Above images: Recent headlines of persecution of Christians in Libya and Egypt.
But back to my friend’s question; Will American blacks be more susceptible to the propaganda of ISIS for the reasons considered above? I wonder if the question itself could not be interpreted as a bit patronizing? If I were black and a white liberal were asking if I feel more susceptible to the lure or ISIS propaganda, I might find it annoying. As the Washington Post columnist and speech writer Michael Gearson has argued, such otherwise good willed comments may reflect “The soft bigotry of low expectations.” I’d imagine this would be the case if I were to ask the same question of the black Marines I once served with, who love their country and became Marines (in particular) to defend it precisely against ISIS and groups like them. I think they would definitely be annoyed, or even offended. But my friend’s question was only asked in the wake of the arrest of an apparent black militant convert to Islam who claimed to have been inspired by ISIS, so it is a real issue and a fair question and, knowing my friend as I do, I know there was not any ill intent in asking it. Indeed, it is important not to shy away from such questions.
I can’t predict the future. Historians are notoriously bad fortune tellers. But if I were to speculate, I doubt there will be any significant impact on the degree of violence by extreme black militants during the Trump era. Such violence, in the wake of the killing of so many police officers, for example, already seems to be high, as Trump enters office. The currently existing high level of violence is not because of Trump, but rather due to a number of other complex social factors and incidents that have taken place over the last few years. Trump could make it worse, of course, depending on what he does once in office, but he has proven to be unpredictable, already seeming to reverse course on a number of issues that he campaigned on (see examples here, here, and here). So Trump the campaigner very well may be quite different than Trump the president. Moreover, as suggested by black voting patterns in the recent election, blacks in general do not seem to have been overly concerned about Trump’s candidacy.

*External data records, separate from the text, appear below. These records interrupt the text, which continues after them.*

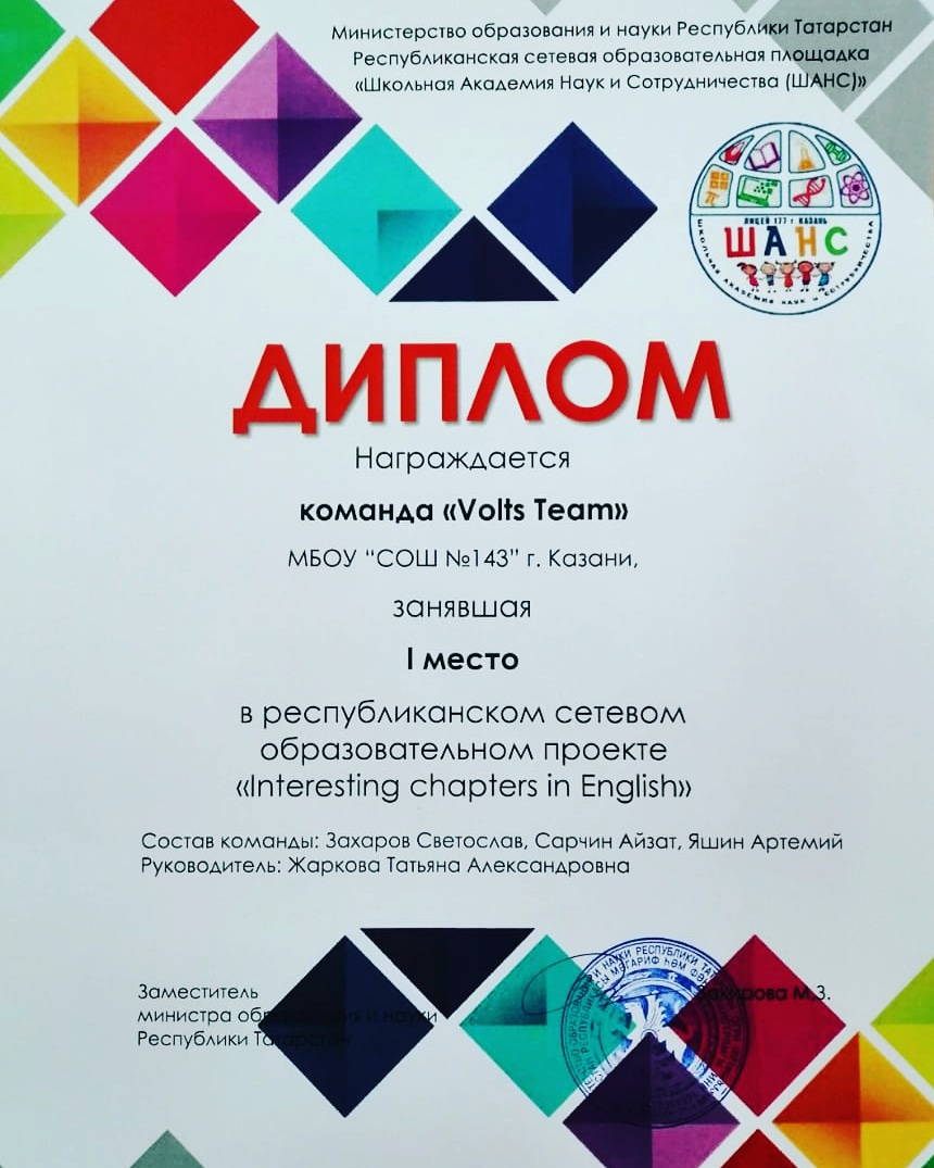 Поздравляем учащихся 7 "Б" класса :Захаров Святослав, Сарчин Айзат,Яшин Артемий и их руководителя,Жаркову Татьяну Александровну с ПОБЕДОЙ-1 МЕСТО в Республиканском сетевом образовательном проекте:"Interesting chapters in English".
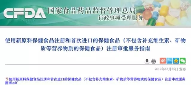 12月25日,國(guó)家食品藥品監(jiān)督管理局行政事項(xiàng)受理服務(wù)網(wǎng)站發(fā)布了《特殊食品類產(chǎn)品注冊(cè)審批服務(wù)指南》,其中包含了使用新原料保健食品注冊(cè)和首次進(jìn)口的保健食品(不包含補(bǔ)充維生素、礦物質(zhì)等營(yíng)養(yǎng)物質(zhì)的保健食品)注冊(cè)審批服務(wù)指南、特殊醫(yī)學(xué)用途配方食品注冊(cè)審批事項(xiàng)服務(wù)指南、嬰幼兒配方乳粉產(chǎn)品配方注冊(cè)審批服務(wù)指南,具體整理《保健食品新注冊(cè)指南》如下:
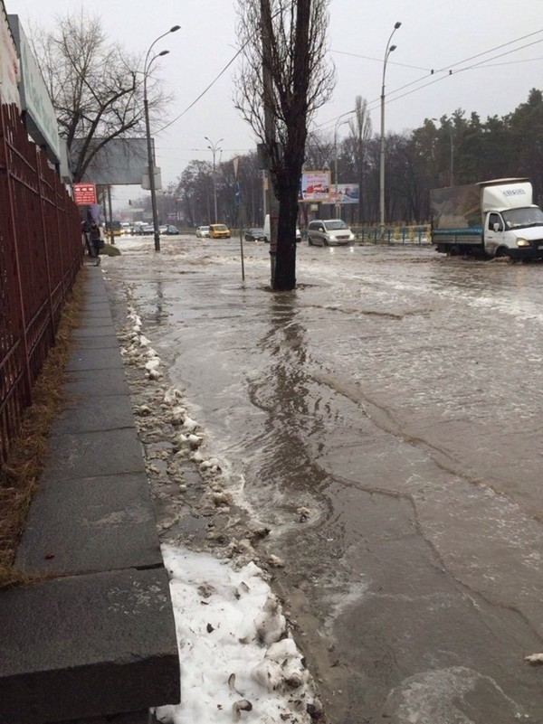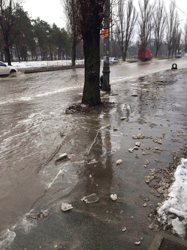 Сегодня, 23 января, в Киеве затопило проспект Освободителей, который расположен в Днепровском районе столицы. Об этом сообщают пользователи соцсетей.
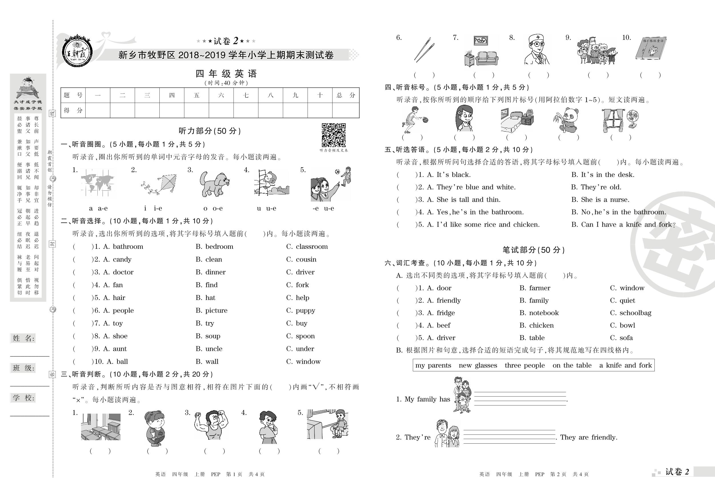 2018-2019学年第一学期新乡市牧野区四年级英语试卷(PEP版)【2】
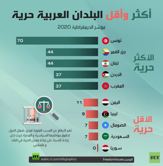 واحتلت تونس المرتبة الأولى عربيا بنسبة مئوية وصلت إلى 77% من حيث ضمانها للحقوق السياسية والمدنية لمواطنيها، في حين جاء كل من جزر القمر ولبنان في المرتبة الثانية بنسبة 44% بينما جاء كل من الأردن والمغرب في المرتبة الثالثة بنسبة وصلت إلى 37%.
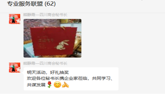 研习前一天,熊秘书长展示了承办方的姿态,在服务联盟微信群发出邀请,“明天活动,好礼抽奖,欢迎各位秘书长携企业家莅临,共同学习、共谋发展!”还附上了奖品图。
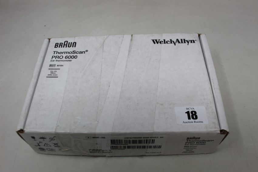 A boxed as new Braun welch allyn ThermoScan PRO 6000 with cradle.
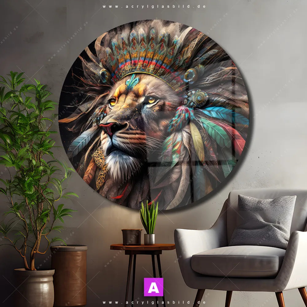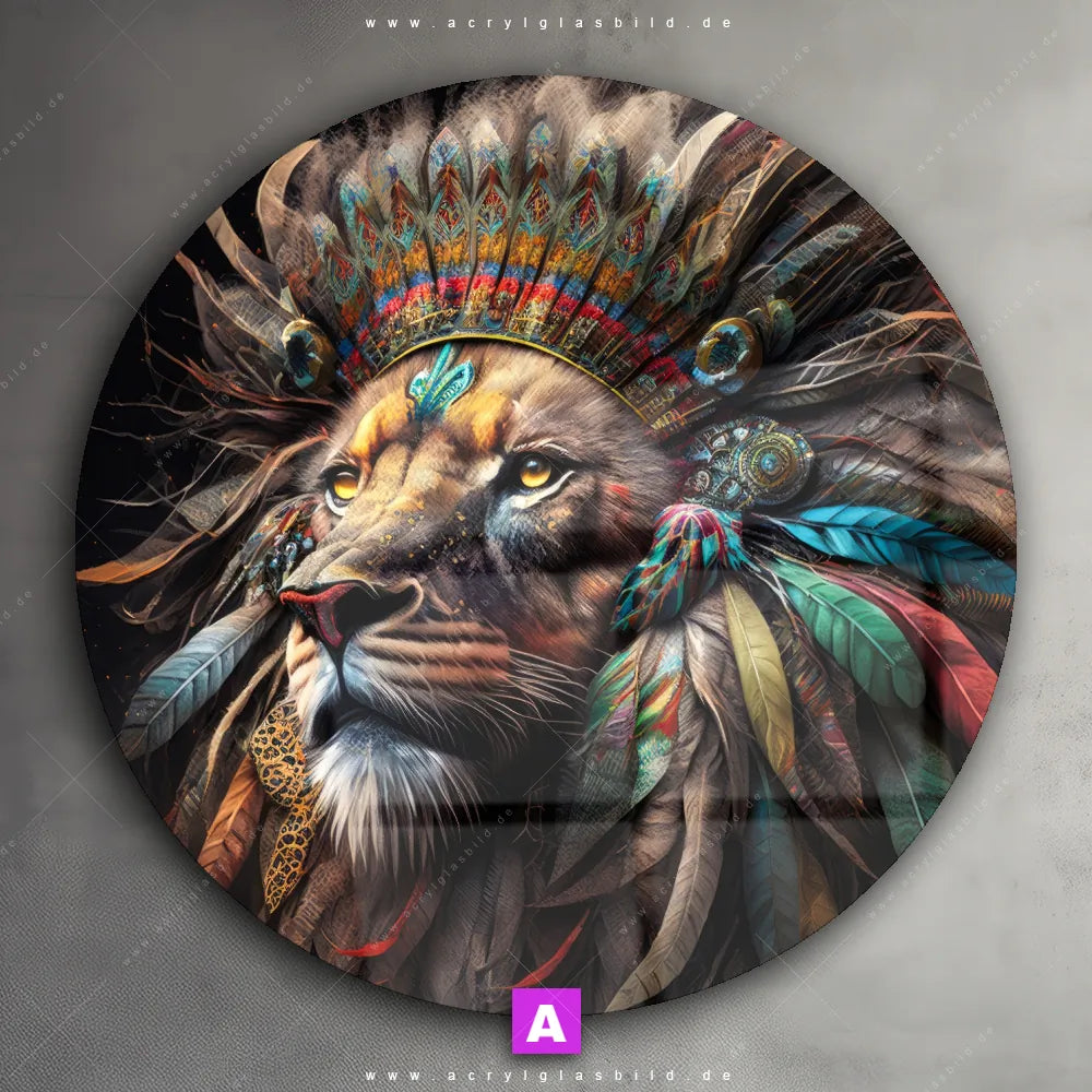 Acrylglasbild | Löwenkopf mit bunten Federn | Rund
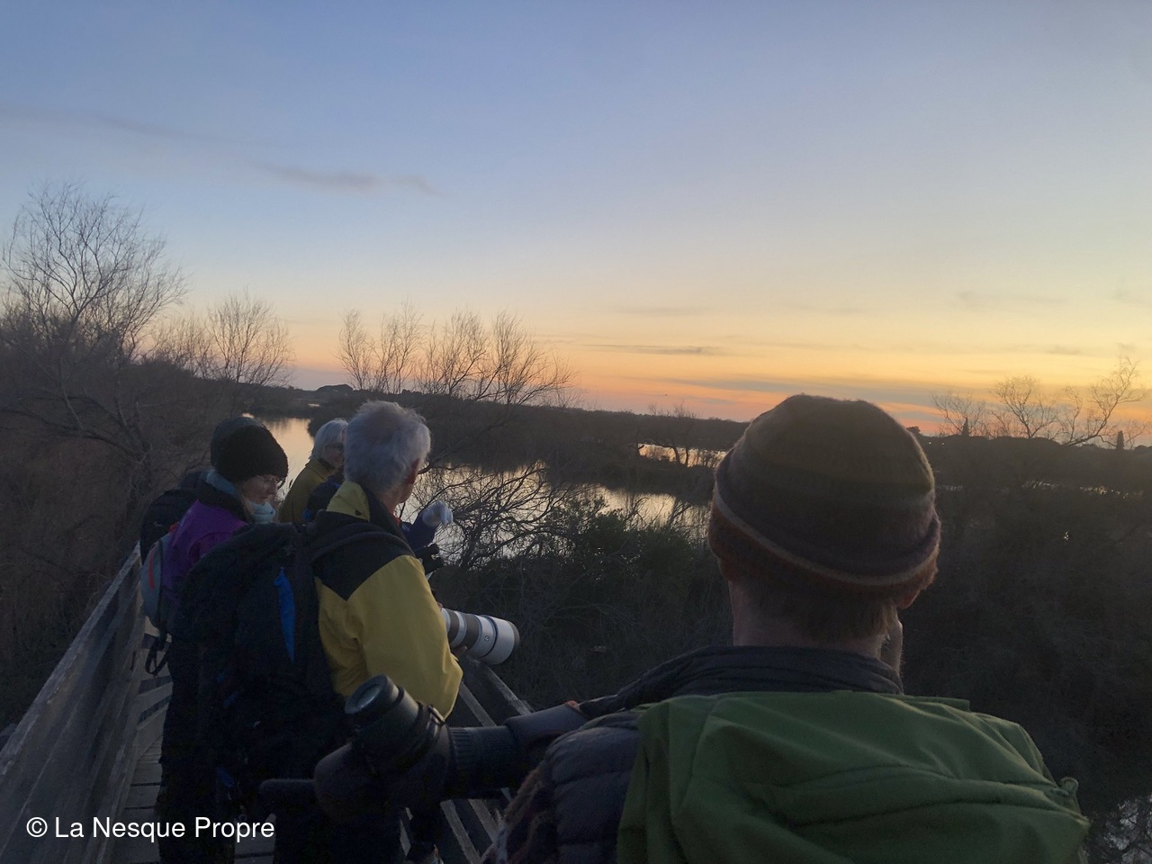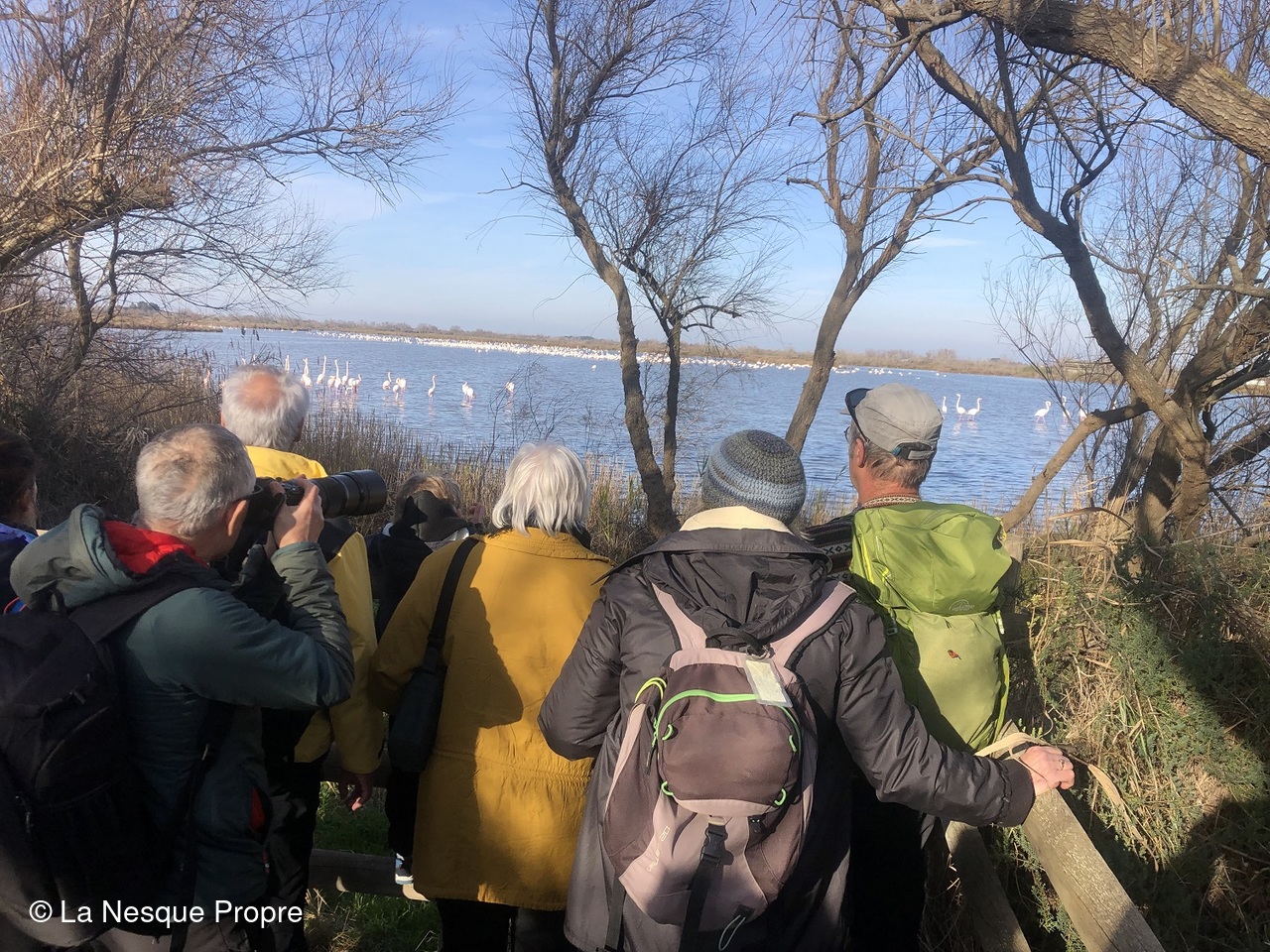 Samedi 8 février 2025, la Nesque propre a passé une journée aux Saintes Maries de la mer, à la découverte du Parc ornithologique de Pont de Gau. Tout est calme et paisible. Le ciel est voilé. La lumière est douce. Le vent est nul.

There will undoubtedly be more terrorist attacks in the United States in the next four to eight years, regardless of who is president. It is also certainly possible that some of them will be carried out by black militants who embrace a Nation of Islam style worldview and perhaps can be triggered by ISIS style propaganda, but whether or not the level of this particular type of ideologically inspired violence will increase beyond its current levels is ultimately anyone’s guess.